12:08 al este de Bucarest es una película que constituye, en cierta medida, la ópera prima de Corneliu Porumboiu, galardonada con la Cámara de Oro en Cannes como pieza del Nuevo Cine Rumano. En apenas 85 minutos Porumboiu la dirige con un estilo austero que a veces recurre al humor seco, pero su retrato satírico es algo regular cuando interroga la memoria y la fragilidad de la verdad histórica, dejándome con la sensación de que su narrativa solo funciona para colgar un texto sociopolítico que, a fin de cuentas, no cuenta nada relevante en sus enunciados historicistas.
El argumento sigue a Virgil Jderescu, el director de una cadena de televisión local que busca organizar un programa de entrevistas en directo sobre la caída del dictador Nicolae Ceaușescu en diciembre 1989 con dos invitados: Tiberiu Manescu, un profesor de historia alcohólico que dice haber sido revolucionario; y Emanoil Piscoci, un anciano paranoico que en aquel entonces solía disfrazarse de Moș Gerilă.
En términos generales, la narrativa establece la premisa con un arranque algo interesante que me mantiene atento a las reflexiones de los tres personajes. Sin embargo, el guion adolece de irregularidades narrativas que, por añadidura, se manifiestan en el escaso desarrollo de los personajes, quienes a menudo solo son mostrados para rellenar unas escenas que se reducen a la ironía calculada, sin profundizar mucho en ellos lejos de las situaciones acomodaticias arregladas por los diálogos a puerta cerrada.

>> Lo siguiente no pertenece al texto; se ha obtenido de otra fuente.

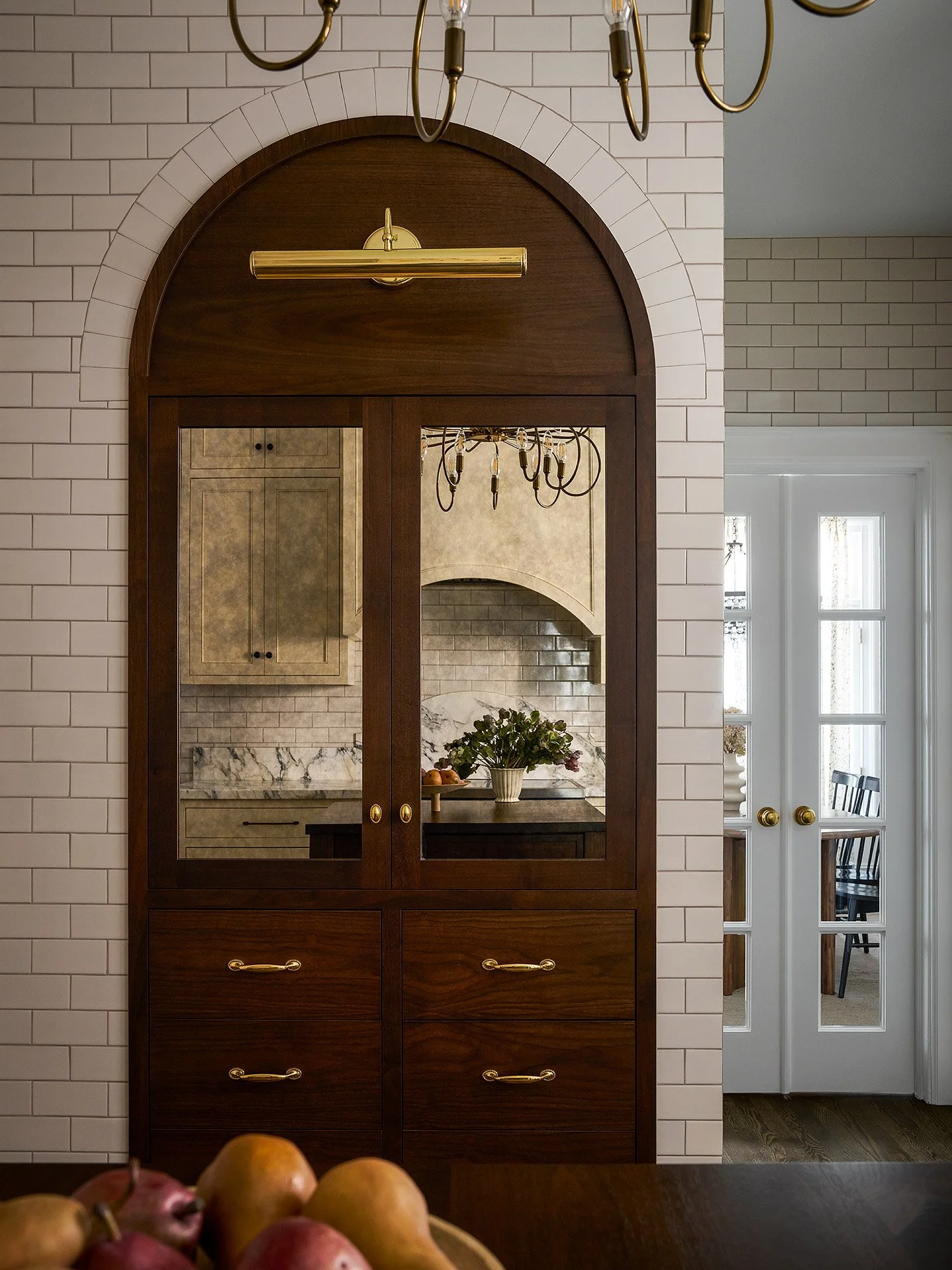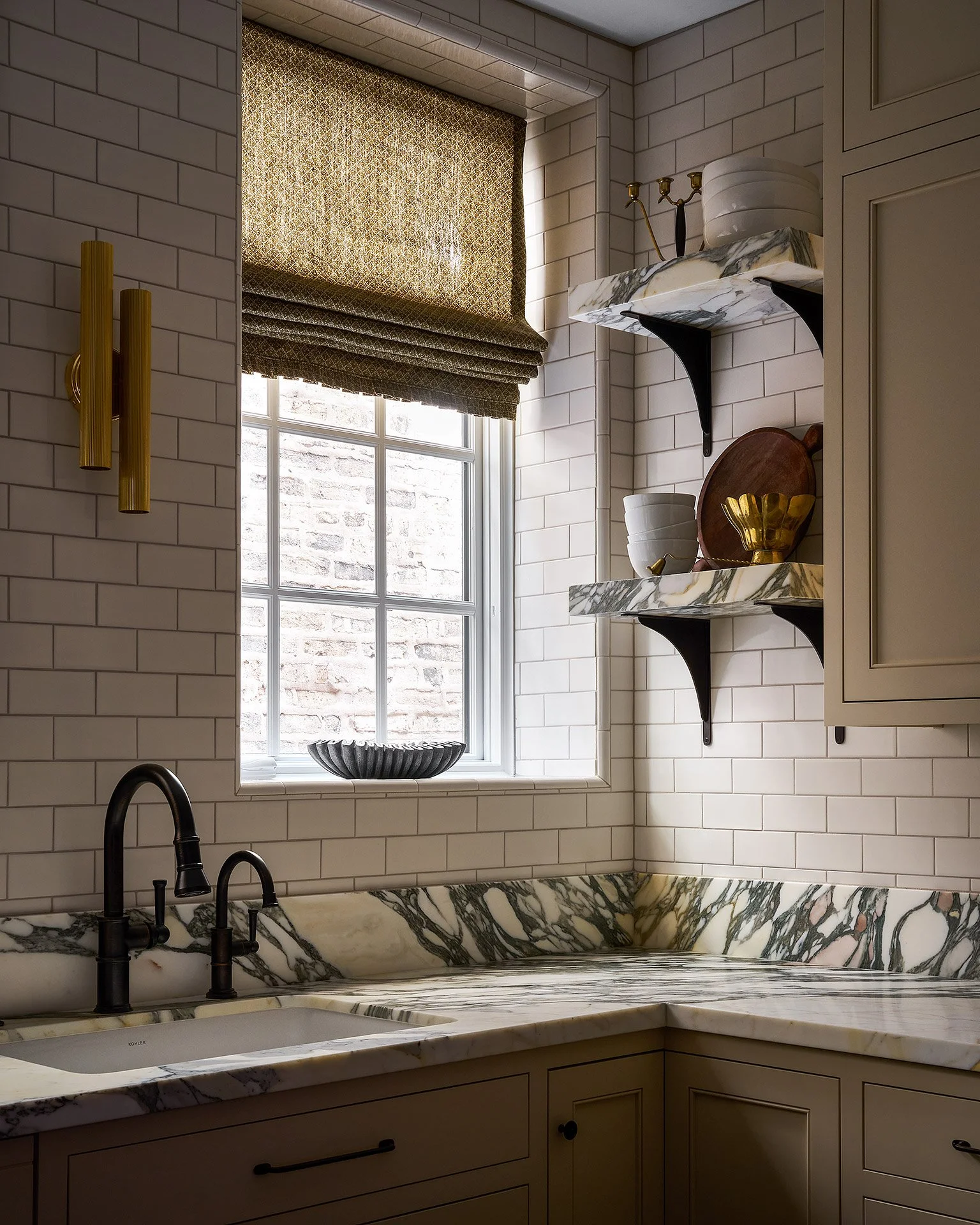 Before it was remodeled, this kitchen in the Gold Coast had a countertop jutting into the middle of the room and was beige all over. New cabinetry, appliances and custom island redefined the layout. Marble countertops and floor to ceiling subway tile gave the room a combination of inviting textures.

Por tal razón, soy incapaz de sentir algo cuando observo la rutina cotidiana que se reparte entre los inconvenientes del jubilado Piscoci para encontrar un traje adecuado para el programa; la visita de Manescu al bar antes de su jornada como profesor frente a los estudiantes; la irritabilidad de Jderescu como el presentador del programa; la transmisión del programa navideño en la que los entrevistados ofrecen testimonios contradictorios mientras los telespectadores llaman por teléfono para poner en duda lo que dicen.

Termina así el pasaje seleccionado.